Home Health & Hospice Week

Hospice:

Brace for Background Checks To Hit Your Hospice

Proposed COP changes may throw your hospice a curve ball.

Get ready to put all your employees through a criminal background check - before they do a single day's work for you.

The Centers for Medicare & Medicaid Services has proposed new hospice conditions of participation, and chief among the changes are those for patient assessments and quality improvement (see Eli's HCW, Vol. XIV, No. 21).

But a host of other regulatory changes could throw your hospice for a loop, if finalized, experts warn. One major shift might be in how you conduct criminal background checks for your employees.

In 2002, 39 states required some kind of criminal background check for hospice employees, CMS says in the proposed rule. But the new background check procedures CMS floats could be stricter than your current ones, if you have them.

Background checks are "an economic and administrative burden on hospices,"
notes attorney Deborah Randall with Arent Fox in Washington, DC.

CMS wants hospices to conduct checks on all employees, whether they furnish hands-on care or not. And the agency proposes requiring hospices to complete the check before the employee can start working. In places where checks can take weeks or even months, that can be a major hurdle to staffing.

And hospices would have to conduct checks for both directly employed staff and contracted staff, the proposed rule says. Currently, many hospices have the companies they contract with conduct the background checks on their contracted staff. Whether CMS would still allow those arrangements under the new COPs is unclear, Randall points out.

Other changes in the COPs include:
 

  • SNF relationships. CMS proposes a new COP on hospice care for patients residing in skilled nursing or other facilities. But industry veterans found guidance sorely lacking in this area that is often a hot bed for compliance problems.

    "There are important details of the regulations that need to be understood," says attorney Mary Michal with Reinhart Boerner Van Deuren in Madison, WI. "Specific issues surrounding hospice care in the nursing home setting" need clarification, Michal urges.

    "I was disappointed that more attention was not given to inpatient care and patients in nursing homes," offers attorney Connie Raffa with Arent Fox in New York City. For instance, intermediaries are denying inpatient care for some hospice beneficiaries because the inpatient care benefit is described as "short-term," Raffa says. CMS needs to better explain criteria for inpatient care so that patients don't have to revoke hospice to receive such care, she maintains.

    Raffa also wants to see better methodology for determining when a SNF versus a hospice is responsible for certain costs, such as medications, adult diapers, etc. "Sometimes these are a very gray area" when trying to figure out what's related to the terminal diagnosis and what's not, she tells Eli.
     
  • Satellite offices. CMS wants to add a new definition of satellite offices that could run some hospices into trouble, warns Randall. Although satellite offices have been allowed under longstanding survey and certification policy, CMS now wants to include in the COPs that it must approve a satellite office before the office can start furnishing services.

    Watch out: Hospices that fail to comply with this new requirement, if finalized, will be courting False Claims Act exposure for any services they furnish out of an unapproved office, Randall cautions. Hospices should obtain CMS approval for all existing satellites and be sure to obtain approval for new ones before starting services, she advises.
     
  • Core services and continuous care. The proposed COPs would adopt the Medicare Moderniza-tion Act mandate allowing hospices to contract for core services in extraordinary or non-routine circumstances. But that wouldn't include certain times or continuous care, CMS spells out.

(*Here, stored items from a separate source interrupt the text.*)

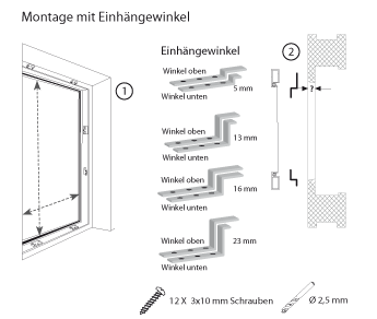 In der Höhe ergeben sich keine Abzugsmaße. Schneiden Sie die beiden Profile für die Höhe genau in dem Maß ab, welches Sie gemessen haben. Messen Sie nun die Dicke des Fensterfalzes um festzulegen, welche Einhängewinkel verwendet werden können (Siehe Abb. 2) Im Lieferumfang befinden sich verschiedene Stärken von Einhängewinkeln. Oben am Insektenschutzrahmen montieren Sie den Winkel mit dem längeren und am unteren Rahmen die Winkel mit dem kürzeren Schenkel. Dadurch lässt sich der Rahmen leichter am Fenster einhängen. Die Einhängewinkel montieren Sie (Siehe Einhängevorgang) mit dem im Lieferumfang befindlichen Schrauben. Entscheiden Sie sich für die Montageart mit Einhängewinkel dann, wenn Sie den Spannrahmen nicht von außen am Fenster montieren können, Sie also die Montage bzw. das Einhängen des Spannrahmens rauminnenseitig durchführen müssen. Dies kann z.B. bei Fenstern in oberen Stockwerken ohne Balkon oder bei Fenstern mit Rollladen Führungsschienen der Fall sein. Messen Sie die lichte Breite und Höhe des Anschlagfalzes Ihres Fensterrahmens (siehe Abb. 1) und ziehen Sie in der Breite von diesem Maß 40 mm ab. Dies ist Ihr fertiges Schnittmaß um welches Sie die beiden Aluminiumprofile für die Breite des Rahmens kürzen müssen!
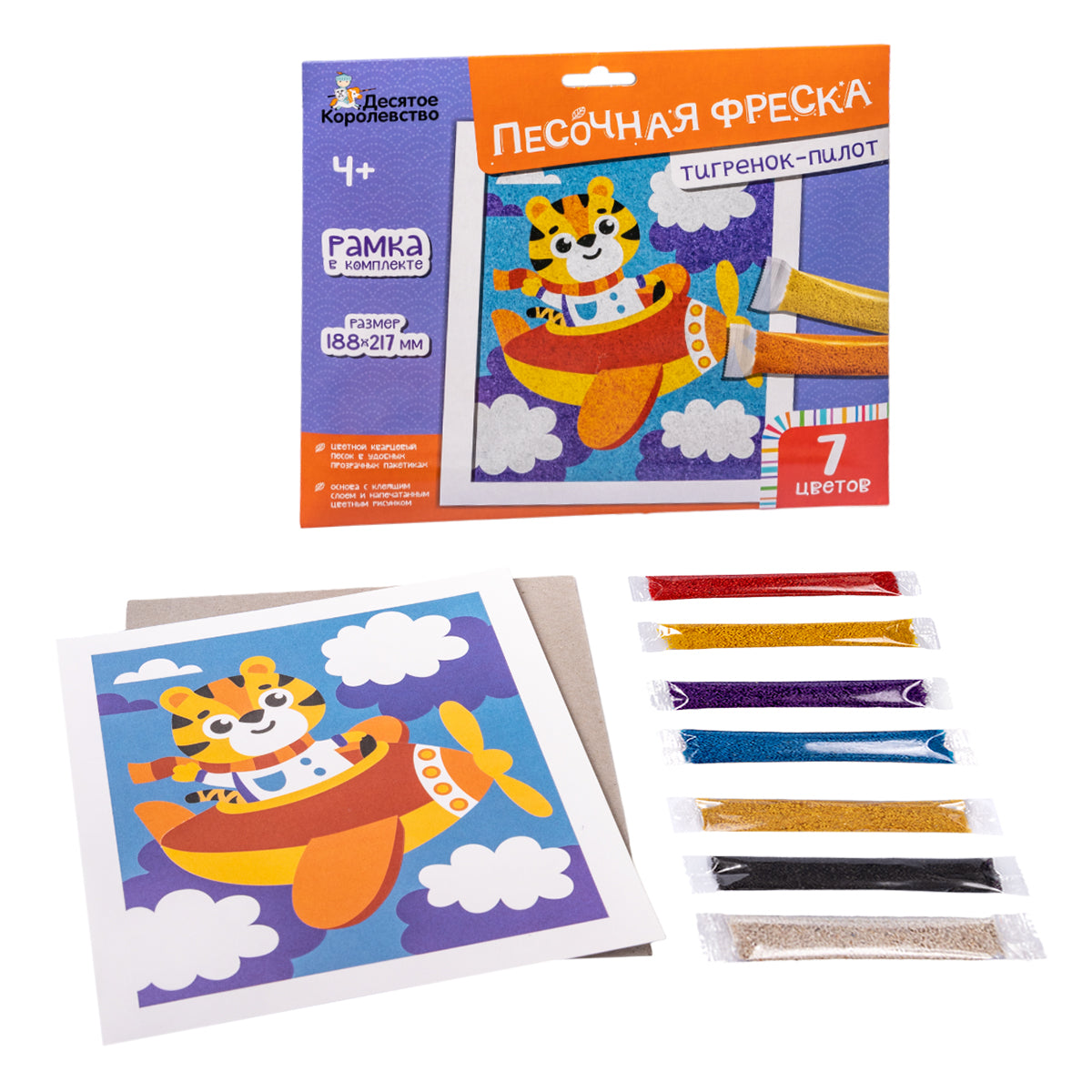 Набор для творчества. Песочная фреска "Тигренок-пилот" (7 цветов, 188х217 мм)
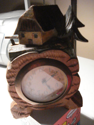 OLD ANTIQUE HAND CARVED WOOD CLOCK GERMANY
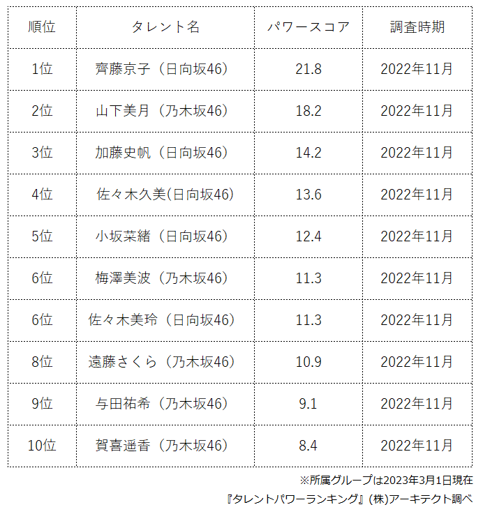 『タレントパワーランキング』では、タレントパワーランキングに登録されている坂道グループのスコアを調査。
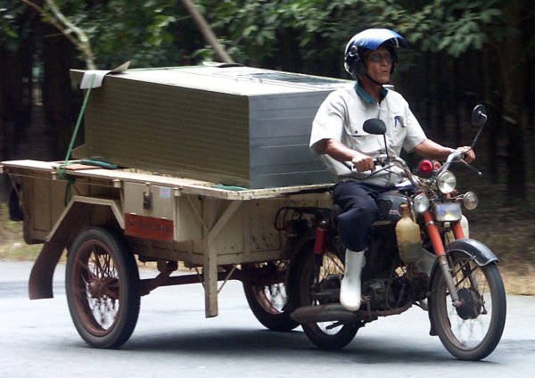 mehr als nur zum schnöden Personentransport. Als ich diesen Motorradfahrer sah, war ich noch etwas erstaunt über die merkwürdige Sozia auf dem Rücksitz. |
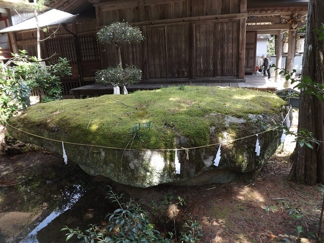 本殿のとなりに、きれいなコケに覆われた大きな石を発見。
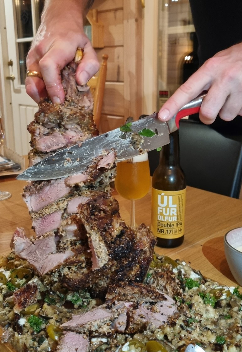 Ég fékk svo gefins smá bjór um daginn frá Borg Brugghús og datt í hug að prófa að para við lambið. Garún imperial stout vissi ég að kæmi vel út með svona ofngrilluðu lambakjöti en mér fannst spennandi að sjá hvernig Úlfur Úlfur kæmi út, double IPA, sætur en þróttmikill með mikla beiskju. Venjulega nota ég belgískan tripel eða blond með lambakjöti en það væri líka alveg fullkomin pörun hér, t.d. Westmalle Tripel. En nóg um það, sjáum hvernig þetta gekk!
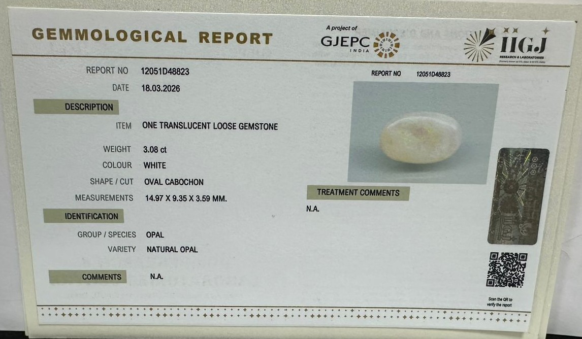 Beautiful 3.08 Cts Natural Opal (AAA+-Mines) sva 3+ Ratti OPAL. Free Horoscope & Free Pundit Ji Astrological Advise / Consultation. Original Natural Lab certified gems by IGI GTL / Birth stones / Large Gem Selection of shree shubh Rashi Ratan Vedic dhan at Gem Mines. May Bhagwan Brahma, Vishnu, Shiv & Universe bless you.
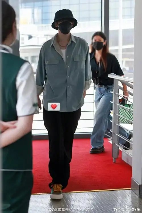 邓为宁波机场照##邓为蓝色牛仔外套
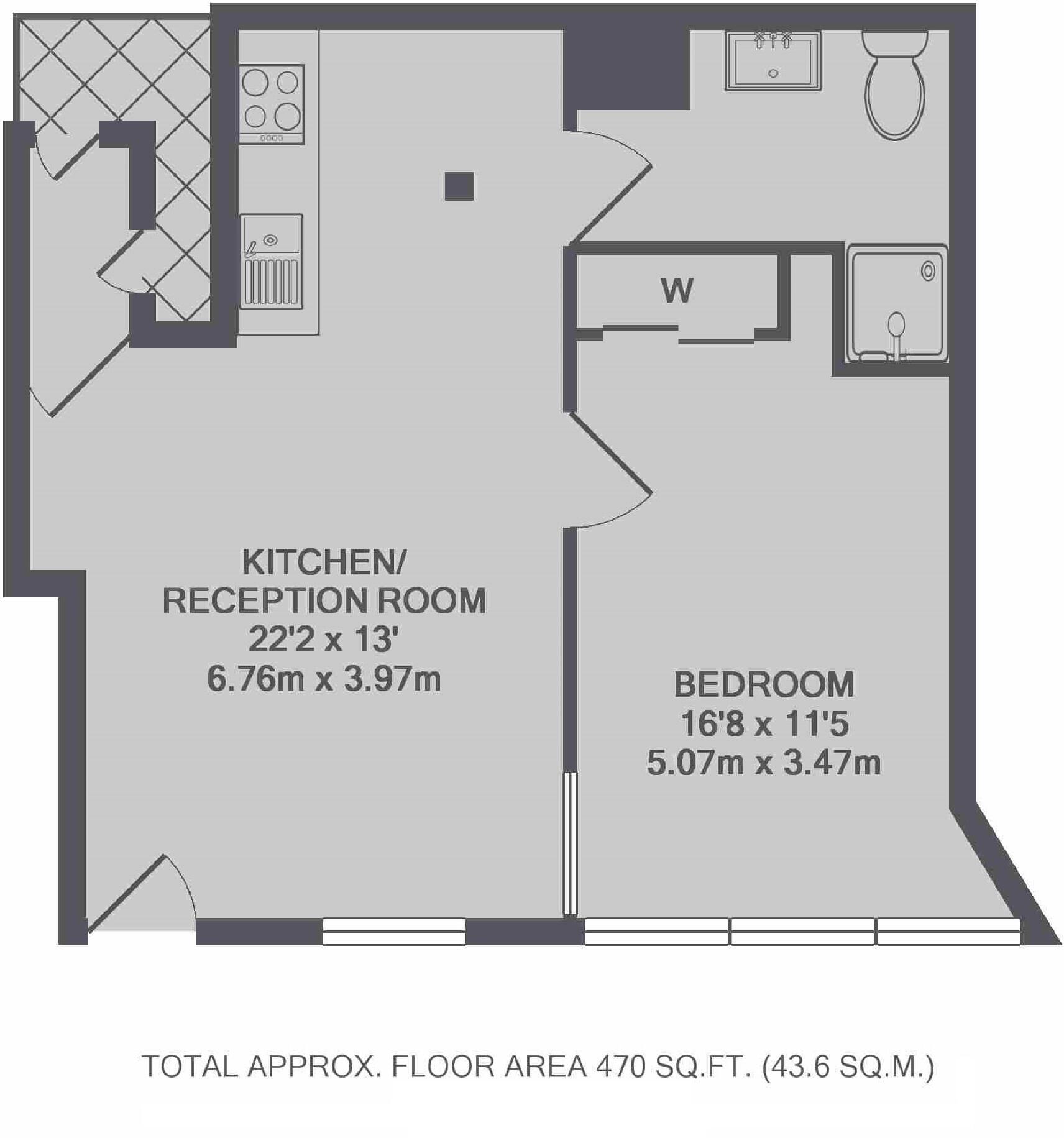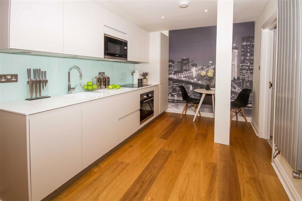 A ground floor warehouse style conversion that has been refurbished throughout and has a double bedroom, large living area with space for dining, a modern kitchen and bathroom.
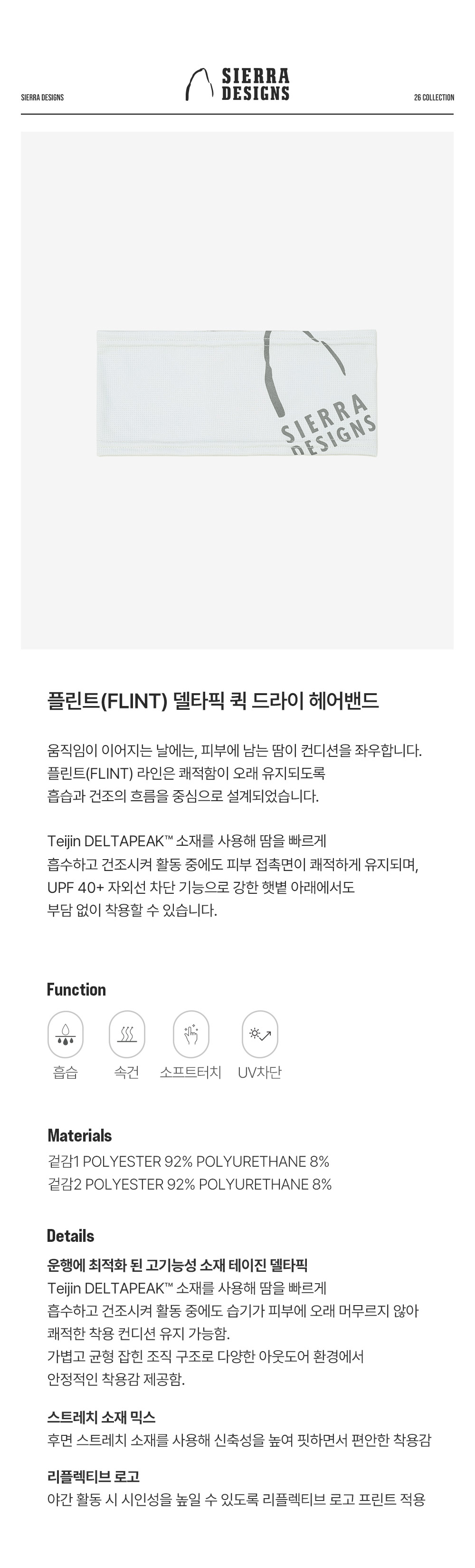 시에라디자인 플린트 델타픽 퀵 드라이 헤어밴드 라이트 그레이
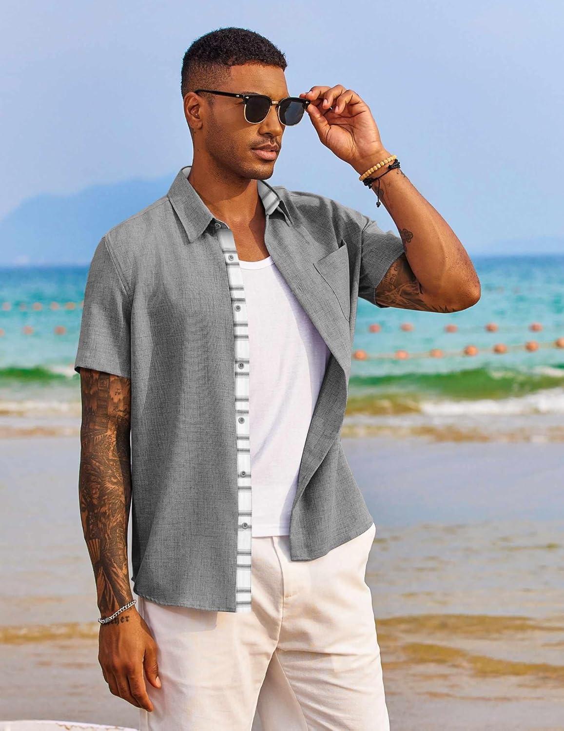 COOFANDY Men’s Button Down Shirts Short Sleeve Casual Shirts Summer Beach Shirts Vacation Wedding Shirts with Pocket(Grey)

    "Hospices may not routinely contract for a specific level of care (e.g., continuous care) or for specific hours of care (e.g., evenings and weekends), as these are regularly occurring situations that hospices are able to plan staffing for," CMS says in the regulation.

    If finalized, this could mean a big change for hospices that currently contract for continuous care with SNFs for their residents, Randall points out. Making this a regulation-level requirement could spell big survey problems for those who don't comply, she warns.
     
  • Inpatient nursing. The COPs would remove the requirement that a registered nurse provide patient care in an inpatient facility on a 24-hour basis, CMS notes in a release. "CMS is proposing to remove this prescriptive, process-oriented requirement, contained in the current hospice conditions of participation, and replace it with an alternative outcome-oriented requirement that focuses on the results of care provided to patients and their families," the agency says.
     
  • Professional management. Hospices that use professional management companies should stay tuned to a section of the facility resident COP, Randall counsels. The new professional management standard would require hospices "to assume full responsibility for all of the hospice care provided to the resident," the proposed rule says.

    That leaves questions on how much a management contractor can take on, Randall worries. It also calls into question whether contractors can supervise contracted staff, such as therapists, she adds.
     
    Editor's Note: The proposed COPs are in the May 27 Federal Register at
    www.access.gpo.gov/su_docs/fedreg/a050527c.html. CMS will take comments on the regulation until July 26.